*** Opening of DATA EXTRACT ***

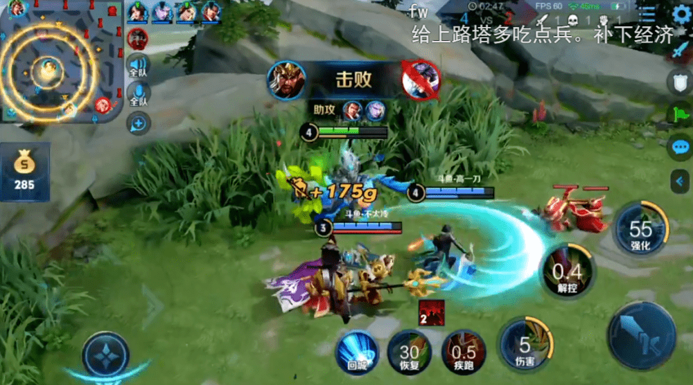 在2分30秒时林蒙在上路林蒙关羽,高一刀凯,杀手不太冷,三兄弟抓一个刘邦,林蒙关羽推的是不错,一个顶将刘邦的大招给打断了,随后一直不断的输出林蒙和高一刀都想着拿刘邦的人头,随后林蒙一刀带走了刘邦的人头。
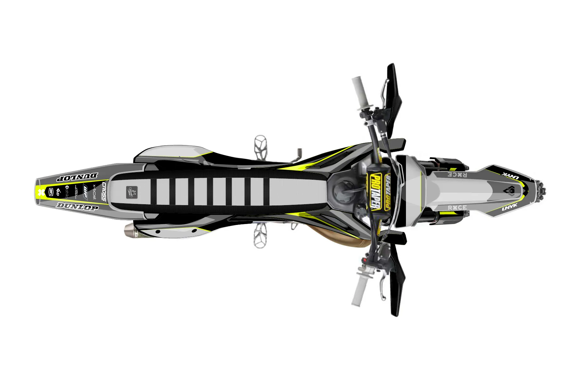 «Cyber Pirate» — готовый комплект графики серии Flow для Husqvarna Enduro Graphic Kit Husqvarna TX 300 2023. В комплекте: графика на бак и боковые облицовки, крылья (переднее и заднее), передний щиток, номерные таблички, защита вилки. Материал: ПВХ-винил 80 мкр с холодной ламинацией 300 мкр, общая толщина 380 мкр; покрытие глянцевое или матовое на выбор. Устойчив к UV-излучению, воде, бензину и мойке высокого давления. Клей акриловый на сольвентной основе — постоянный, для гибких пластиков. На простых поверхностях монтируется без нагрева; для сложных изгибов рекомендуем фен. Этот пресет можно заказать как есть или взять за основу в конструкторе: поменять цвета, добавить стартовый номер и свой бренд. Производство — 3–5 рабочих дней, доставка по России СДЭКом или Почтой, по СНГ — курьерскими службами.
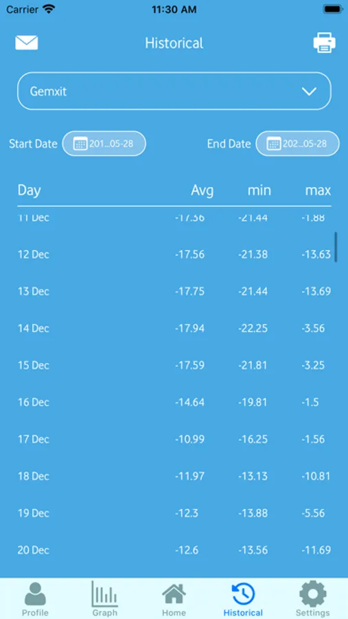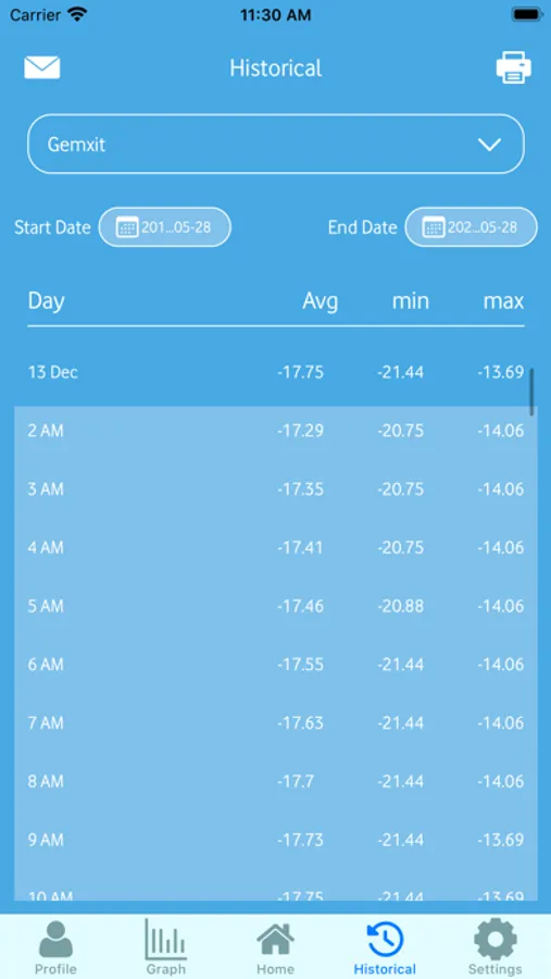 Temperature sensitive facilities such as cold storages always need constant checks on their temperature. So we have created an application that will constantly collect temperature related feeds with the help of digital temperature sensors that are connected to a minicomputer device that keeps on pushing the records to our cloud server. From the server, we distribute the records in the form or graphical and other reports to authorised mobiles and computer systems. the app users can read live data, print and email historical date, receive SMS and email alerts when the temperature is out of the pre set ranges that are set by the user.

*** Close of DATA EXTRACT ***

> [DESCRIPTION OF THE TASK]:
Omitting all pictures, restate exactly the lines of the material from its start through the line that contains "СНГ — курьерскими службами.".

> [SOLUTION TO THE PROBLEM]:
 在2分30秒时林蒙在上路林蒙关羽,高一刀凯,杀手不太冷,三兄弟抓一个刘邦,林蒙关羽推的是不错,一个顶将刘邦的大招给打断了,随后一直不断的输出林蒙和高一刀都想着拿刘邦的人头,随后林蒙一刀带走了刘邦的人头。
 «Cyber Pirate» — готовый комплект графики серии Flow для Husqvarna Enduro Graphic Kit Husqvarna TX 300 2023. В комплекте: графика на бак и боковые облицовки, крылья (переднее и заднее), передний щиток, номерные таблички, защита вилки. Материал: ПВХ-винил 80 мкр с холодной ламинацией 300 мкр, общая толщина 380 мкр; покрытие глянцевое или матовое на выбор. Устойчив к UV-излучению, воде, бензину и мойке высокого давления. Клей акриловый на сольвентной основе — постоянный, для гибких пластиков. На простых поверхностях монтируется без нагрева; для сложных изгибов рекомендуем фен. Этот пресет можно заказать как есть или взять за основу в конструкторе: поменять цвета, добавить стартовый номер и свой бренд. Производство — 3–5 рабочих дней, доставка по России СДЭКом или Почтой, по СНГ — курьерскими службами.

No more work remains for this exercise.